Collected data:
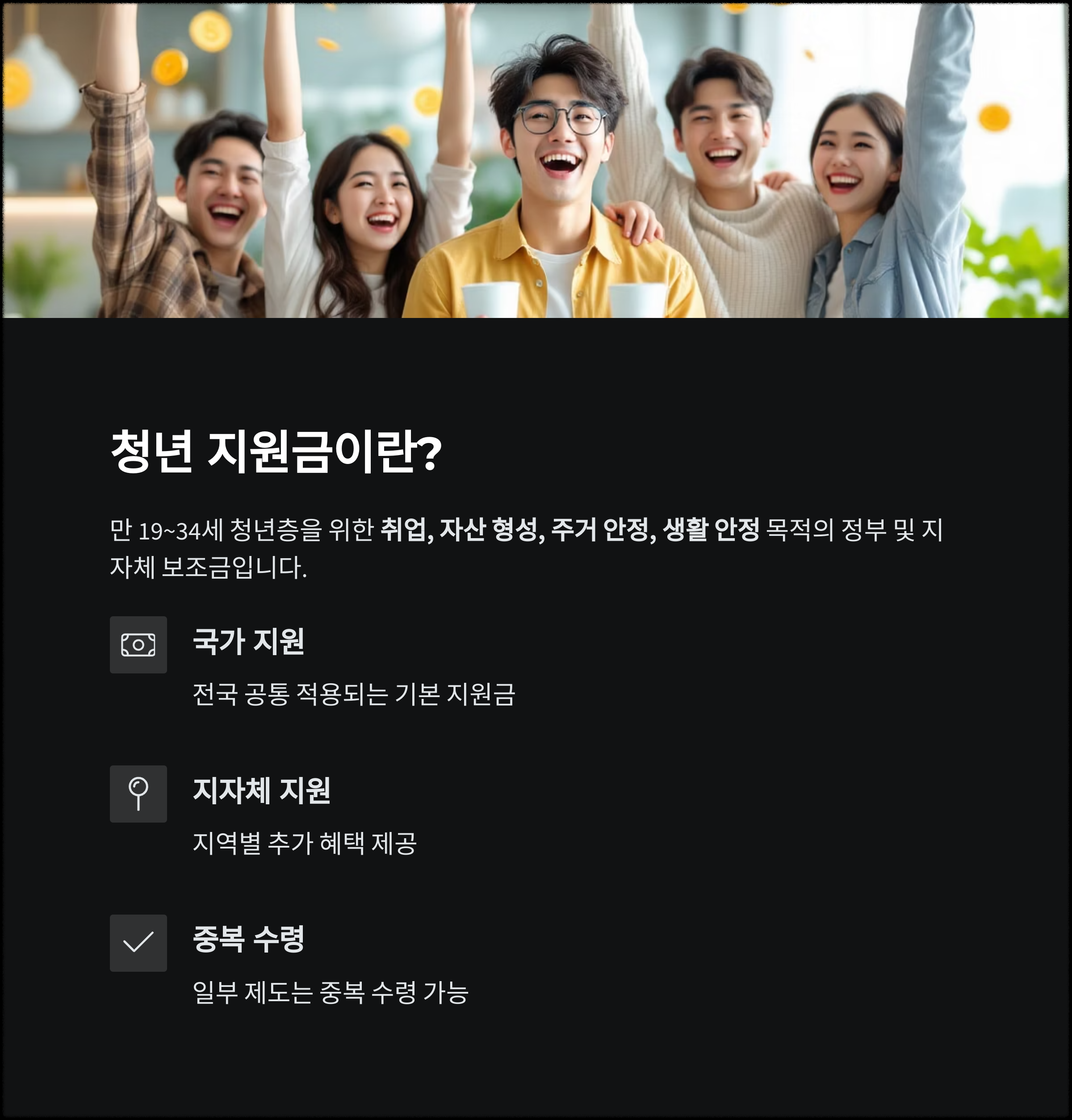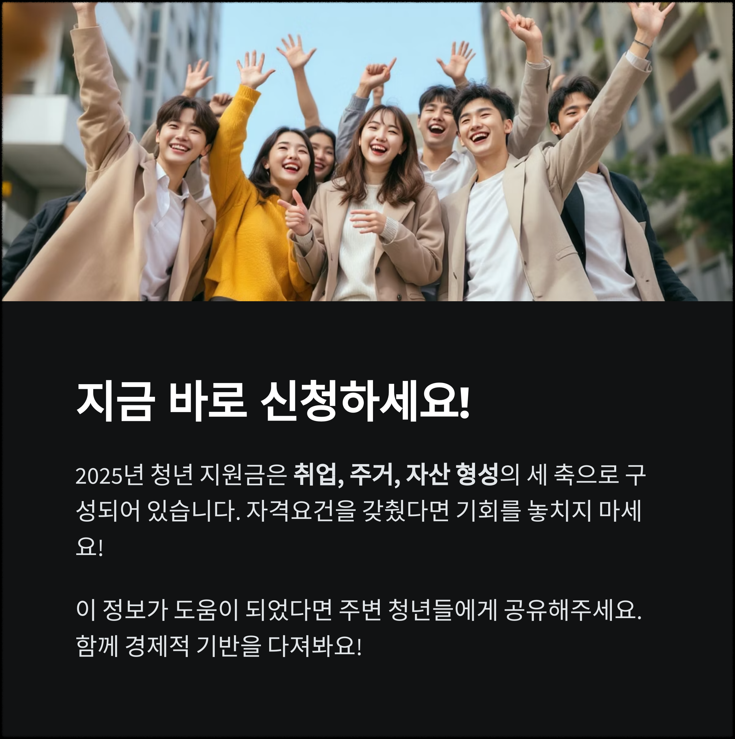 2025년 청년 지원금은 취업, 주거, 자산 형성의 세 축으로 구성되어 있습니다.
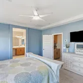 - Interior Features: Walk-in Pantry, Quartz Countertops, High Speed Internet, Smart Home, Double Vanity, Master Downstairs, Eat-in Kitchen, Breakfast Bar, 9+ Flat Ceilings, No Interior Steps, Kitchen Island, Pantry, Full Bth Master Bdrm
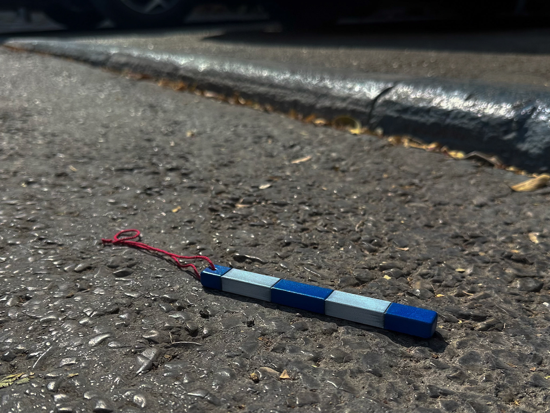 The amulet represents the painted sidewalk marking that permits parking, combined with a red cotton thread inspired by the traditional Jewish superstition bracelet.
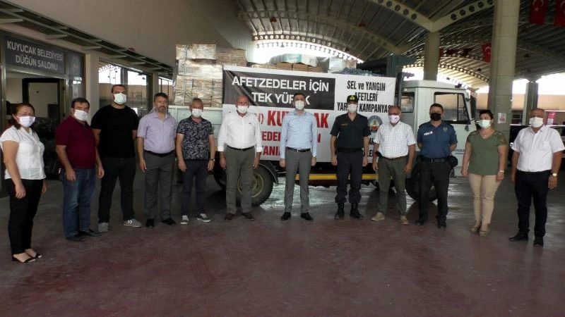 Aydın’ın Kuyucak ilçesinde İlçe Kaymakamlığı ve İlçe Belediyesinin öncülüğünde düzenlenen yardım kapmayasında toplanan yardımlar sel bölgelerine dualarla uğurlandı.
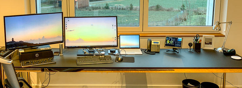 I found that the tiny Airtame 1 devices are perfect for that. I am using the previous version 1, they have recently released a version 2 model that I haven’t tested yet. This is a wireless screen adapter for PCs and mobiles and is intended for use in meetings rooms, but it works just as fine on my desk. Inside it uses a Freescale 1Ghz ARM and 512 MB of RAM and can run a display at up to 1920×1080 (here is a look inside). A new Airtame 1 costs €279 on Amazon and you can get used ones for around €120 on ebay.
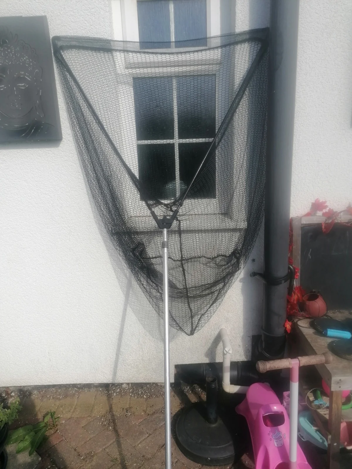 Here is a used but in very good condition large triangle Landing Net with extendable handle
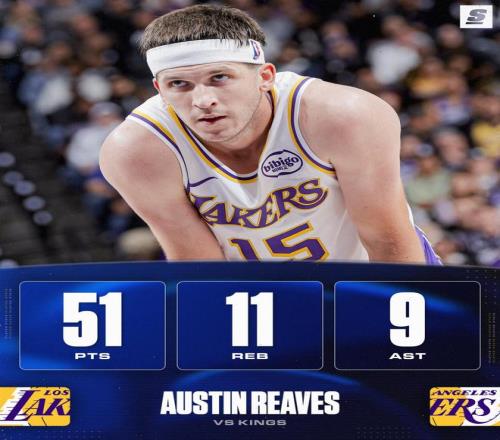 末节决战,国王连续强攻得手,里夫斯连中三分球帮助湖人稳住局面。萨克拉门托实现了内外开火,里夫斯兼顾得分与串联进攻,帮助紫金军团继续保持场上主动权。
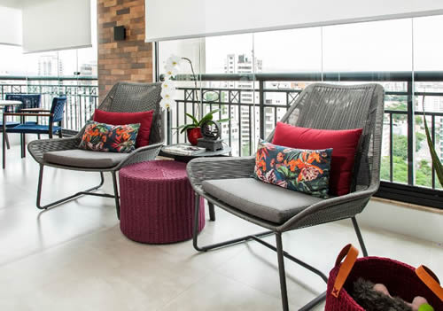 Versátil para tarde de cafés ou jogos de cartas, a mesa completa a mobília da varanda | Projeto de Gigi Gorenstein | Foto: Eduardo Pozella
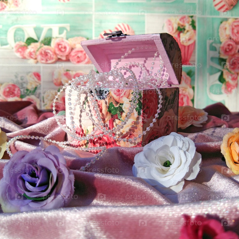 Небольшой декоративный сундук с ювелирными украшениями и костюмами на поверхности из красной ткани. коробка открыта, от нее висят жемчужные бусы. возле искусственных цветочных почки
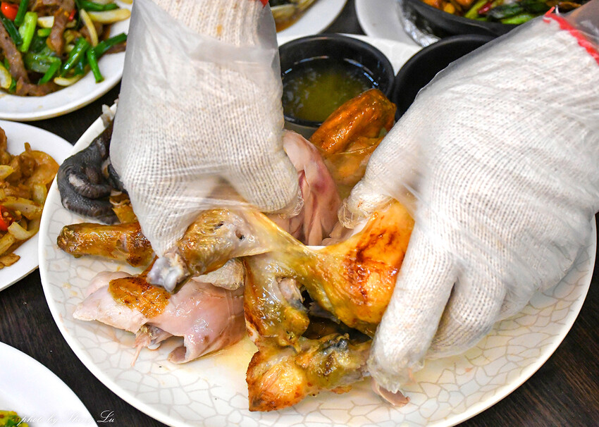 吃烤雞就是要豪邁的徒手剝雞阿!(店家有附上手套、所以不用怕燙)看著剝雞的過程中,一直有雞汁流出來,大家都忍不住「哇」一聲讚嘆,這實在太誘人了啦
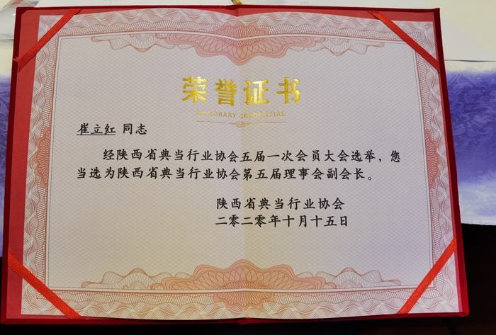 10月15日,陜西省典當行業(yè)協(xié)會(huì )五屆一次會(huì )議在西安人民大廈隆重召開(kāi),大會(huì )選舉產(chǎn)生了省典協(xié)新一屆會(huì )長(cháng)單位、副會(huì )長(cháng)單位,并舉行授牌儀式。咸陽(yáng)市企業(yè)典當有限公司成功當選省典協(xié)理事會(huì )副會(huì )長(cháng)單位,公司董事長(cháng)崔立紅同志當選為副會(huì )長(cháng)。
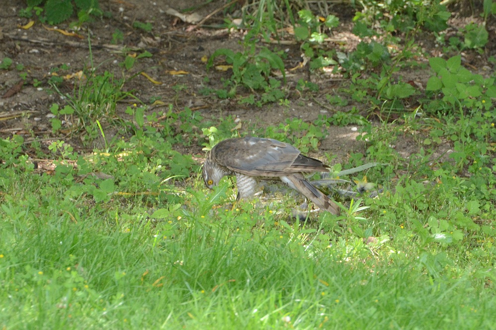 Een valk verorberd vlak voor de hut zijn prooi.
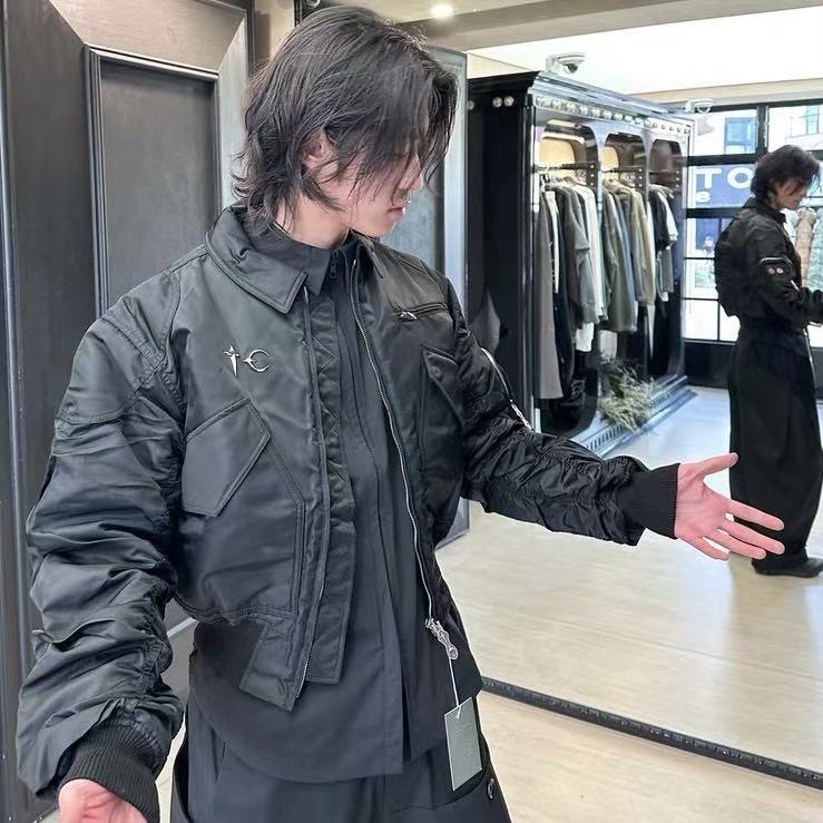 (无铆钉)Thug club 24fw星月金属飞行夹克棉服bomber褶皱外套潮

*TASK PROMPT:* Each entry above should be written out verbatim, minus its pictures.

*YOUR SOLUTION:*
 2025년 청년 지원금은 취업, 주거, 자산 형성의 세 축으로 구성되어 있습니다.
 - Interior Features: Walk-in Pantry, Quartz Countertops, High Speed Internet, Smart Home, Double Vanity, Master Downstairs, Eat-in Kitchen, Breakfast Bar, 9+ Flat Ceilings, No Interior Steps, Kitchen Island, Pantry, Full Bth Master Bdrm
 The amulet represents the painted sidewalk marking that permits parking, combined with a red cotton thread inspired by the traditional Jewish superstition bracelet.
 Aydın’ın Kuyucak ilçesinde İlçe Kaymakamlığı ve İlçe Belediyesinin öncülüğünde düzenlenen yardım kapmayasında toplanan yardımlar sel bölgelerine dualarla uğurlandı.
 I found that the tiny Airtame 1 devices are perfect for that. I am using the previous version 1, they have recently released a version 2 model that I haven’t tested yet. This is a wireless screen adapter for PCs and mobiles and is intended for use in meetings rooms, but it works just as fine on my desk. Inside it uses a Freescale 1Ghz ARM and 512 MB of RAM and can run a display at up to 1920×1080 (here is a look inside). A new Airtame 1 costs €279 on Amazon and you can get used ones for around €120 on ebay.
 Here is a used but in very good condition large triangle Landing Net with extendable handle
 末节决战,国王连续强攻得手,里夫斯连中三分球帮助湖人稳住局面。萨克拉门托实现了内外开火,里夫斯兼顾得分与串联进攻,帮助紫金军团继续保持场上主动权。
 Versátil para tarde de cafés ou jogos de cartas, a mesa completa a mobília da varanda | Projeto de Gigi Gorenstein | Foto: Eduardo Pozella
 Небольшой декоративный сундук с ювелирными украшениями и костюмами на поверхности из красной ткани. коробка открыта, от нее висят жемчужные бусы. возле искусственных цветочных почки
 吃烤雞就是要豪邁的徒手剝雞阿!(店家有附上手套、所以不用怕燙)看著剝雞的過程中,一直有雞汁流出來,大家都忍不住「哇」一聲讚嘆,這實在太誘人了啦
 10月15日,陜西省典當行業(yè)協(xié)會(huì )五屆一次會(huì )議在西安人民大廈隆重召開(kāi),大會(huì )選舉產(chǎn)生了省典協(xié)新一屆會(huì )長(cháng)單位、副會(huì )長(cháng)單位,并舉行授牌儀式。咸陽(yáng)市企業(yè)典當有限公司成功當選省典協(xié)理事會(huì )副會(huì )長(cháng)單位,公司董事長(cháng)崔立紅同志當選為副會(huì )長(cháng)。
 Een valk verorberd vlak voor de hut zijn prooi.
 (无铆钉)Thug club 24fw星月金属飞行夹克棉服bomber褶皱外套潮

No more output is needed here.